Problems: CSES 1110 "Minimal Rotation", SPOJ MINMOVE

2. Necklace equivalence

Two strings represent the same "necklace" if one is a rotation of the other. To test equivalence, compute the canonical (smallest) rotation of each and compare.

cpp

bool same_necklace(const string &a, const string &b) {
    if (a.size() != b.size()) return false;
    int n = a.size();
    int ka = min_rotation(a), kb = min_rotation(b);
    for (int i = 0; i < n; i++)
        if (a[(ka + i) % n] != b[(kb + i) % n])
            return false;
    return true;
}

To group $m$ strings into necklace equivalence classes, compute all canonical forms in $O (m n)$ total, then sort and deduplicate.

Worked example -- counting distinct necklaces.

Given {"abc", "bca", "cab", "xyz", "zxy"}, how many distinct necklaces?

  Canonical rotations:
    "abc" -> min_rotation = 0 -> "abc"
    "bca" -> min_rotation = 1 -> "abc"    (same necklace!)
    "cab" -> min_rotation = 2 -> "abc"    (same necklace!)
    "xyz" -> min_rotation = 0 -> "xyz"
    "zxy" -> min_rotation = 1 -> "xyz"    (same necklace!)

  Distinct canonical forms: {"abc", "xyz"}
  Answer: 2 distinct necklaces.

This shows up in chemistry (molecular ring isomers), music theory (pitch class sets), and combinatorics.

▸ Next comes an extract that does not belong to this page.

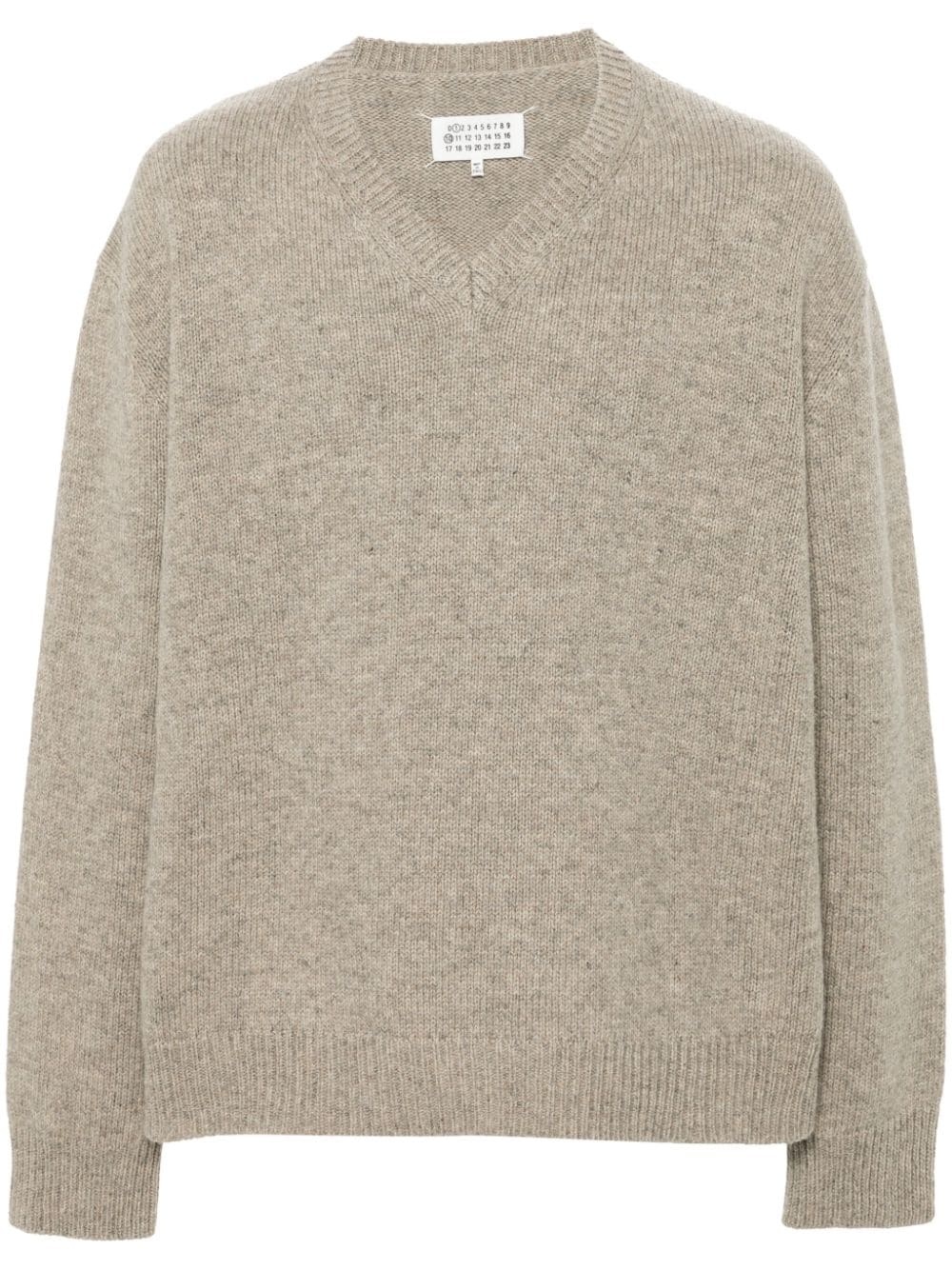 wool sweater Highlights - Taupe grey - Wool - Knitted construction - Melange effect - Ribbed v-neck - Long sleeves - Ribbed cuffs and hem - Straight hem Made in Italy Composition Wool 100% SIZE & FIT Model measurements Height 6 ft 2 in(1.88 m) Bust/Chest 36.61 in(93 cm) Hips 35.82 in(91 cm) Waist 27.95 in(71 cm) FittingInformation Designed to be unstructured, offering a loose fit throughout The ribbed hem offers a close, comfortable fit Made from a midweight non-stretch fabric, this piece offers minimal elasticity when worn This piece fits true to size – take your usual size Washing instructions Dry Clean Only

The $O (n)$ per-string cost of min_rotation makes it practical even for large datasets.

Problems: Kattis "minrotation", classical necklace counting

  Necklace equivalence via canonical rotation:

  String A: "c a b"        String B: "b c a"
            ╭───╮                    ╭───╮
            │ c │                    │ b │
           ╱     ╲                  ╱     ╲
         ╭───╮ ╭───╮            ╭───╮ ╭───╮
         │ b │ │ a │            │ a │ │ c │
         ╰───╯ ╰───╯            ╰───╯ ╰───╯

  min_rotation("cab") = 1 -> "abc"
  min_rotation("bca") = 2 -> "abc"

  Same canonical form -> same necklace OK

3. Cyclic substring matching

Given a pattern $p$ and a text $t$ , find all positions where any rotation of $p$ occurs as a substring of $t$ .

Strategy: compute the canonical rotation of $p$ , double $t$ to $t + t$ , and search $t + t$ for the canonical form using KMP or Z-function. This handles the wrap-around nature of rotations.

For the classic variant -- counting distinct rotations of $p$ that appear in $t$ -- the approach combines Lyndon factorization with a suffix automaton:

cpp

// Count how many distinct rotations of p appear as substrings of t
int count_cyclic_occurrences(const string &t, const string &p) {
    int n = p.size();
    // Build suffix automaton on t
    // Feed each rotation of p (= substrings of p+p of length n)
    // into the automaton, collecting distinct matches.
    // Lyndon factorization helps identify the canonical
    // starting point and avoid redundant checks.
    // See CF 235C for the full approach.
}

The key insight: rather than checking all $n$ rotations separately, the suffix automaton lets you slide through them in $O (n)$ total by advancing one character and dropping one character from the current window.

Problems: CF 235C "Cyclical Quest"

4. Lexicographic comparison of cyclic strings

Sometimes the problem isn't to find the minimum rotation but to compare two cyclic strings. Are all rotations of $a$ lexicographically less than all rotations of $b$ ? Or: given two positions $i, j$ in a circular string, which rotation is smaller?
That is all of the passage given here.